EXERCISE REQUIREMENTS — The output should be the listing below, limited to the lines from the one with "Página para colorir" through the one with "The slender, extended", exact and without pictures.

STUDY MATERIAL —
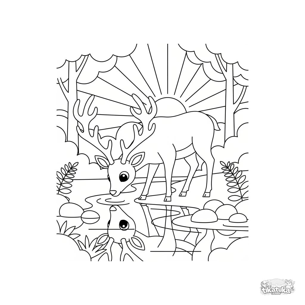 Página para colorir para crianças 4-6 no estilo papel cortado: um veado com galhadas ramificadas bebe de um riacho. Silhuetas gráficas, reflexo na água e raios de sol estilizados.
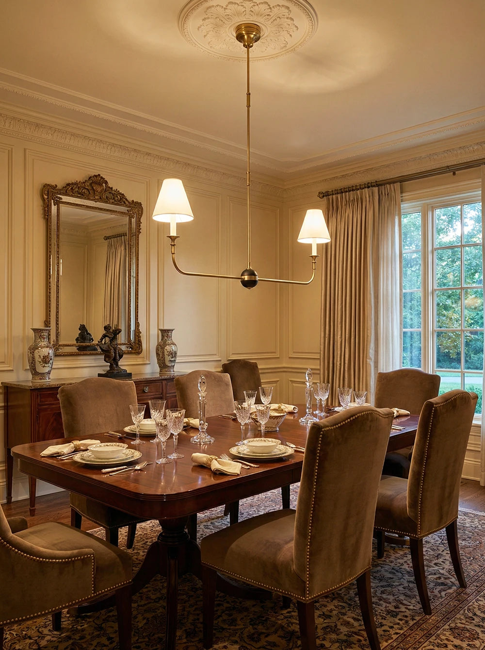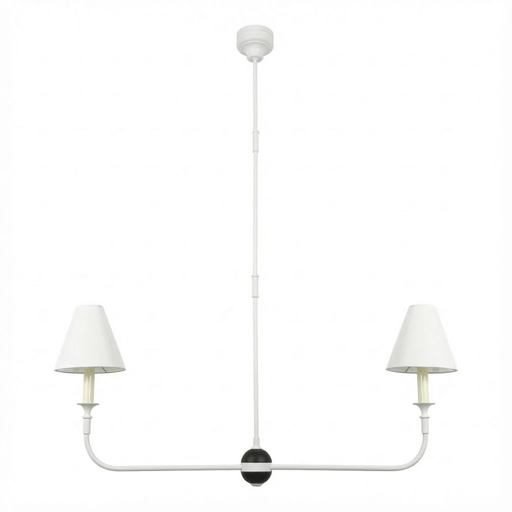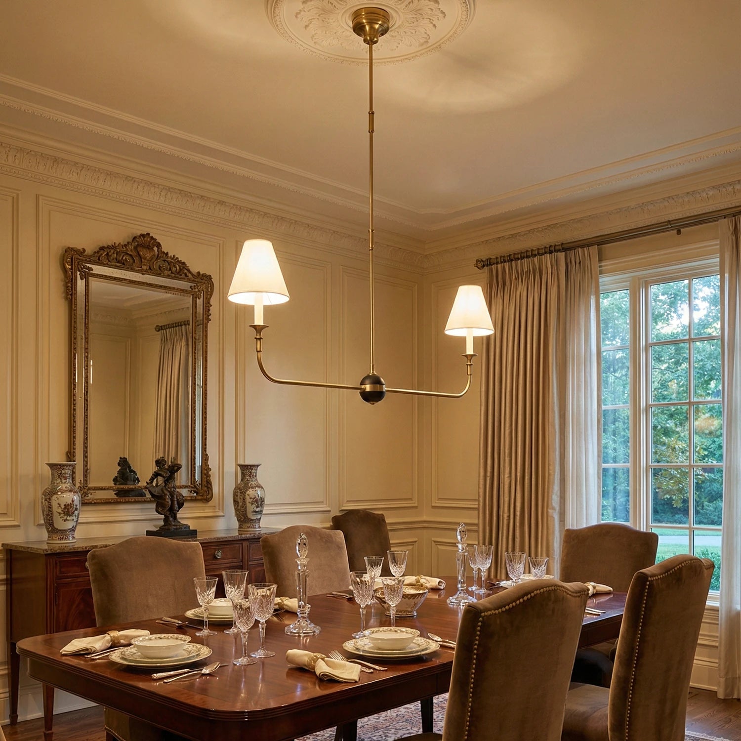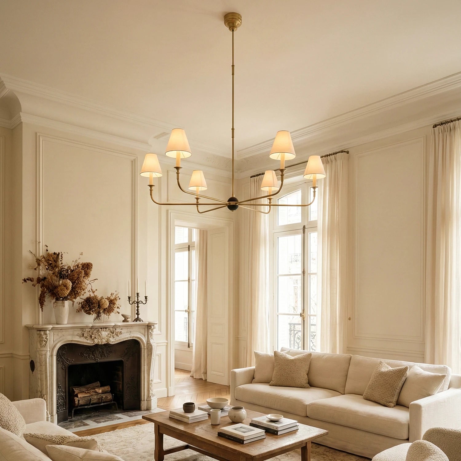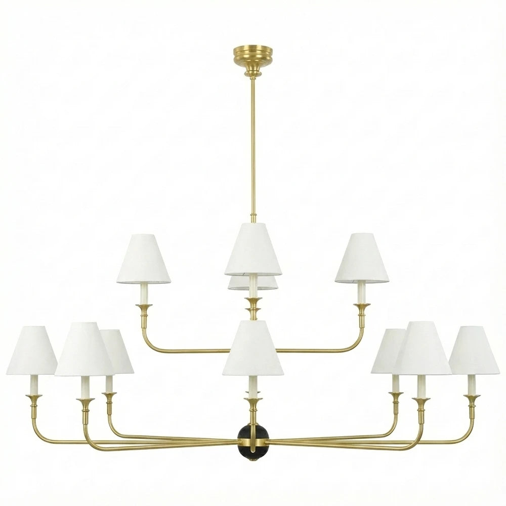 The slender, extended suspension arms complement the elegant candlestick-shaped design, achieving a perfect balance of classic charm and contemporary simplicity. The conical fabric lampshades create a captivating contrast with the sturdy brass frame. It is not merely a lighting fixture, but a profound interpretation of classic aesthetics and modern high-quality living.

---

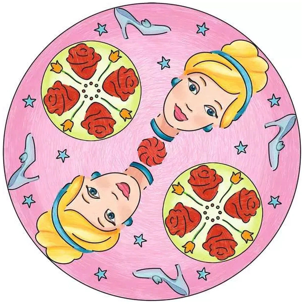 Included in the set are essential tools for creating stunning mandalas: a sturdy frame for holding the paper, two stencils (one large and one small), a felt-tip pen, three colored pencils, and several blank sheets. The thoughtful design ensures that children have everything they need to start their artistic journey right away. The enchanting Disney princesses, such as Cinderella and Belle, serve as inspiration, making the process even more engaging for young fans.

THE ANSWER —
 Página para colorir para crianças 4-6 no estilo papel cortado: um veado com galhadas ramificadas bebe de um riacho. Silhuetas gráficas, reflexo na água e raios de sol estilizados.
 The slender, extended suspension arms complement the elegant candlestick-shaped design, achieving a perfect balance of classic charm and contemporary simplicity. The conical fabric lampshades create a captivating contrast with the sturdy brass frame. It is not merely a lighting fixture, but a profound interpretation of classic aesthetics and modern high-quality living.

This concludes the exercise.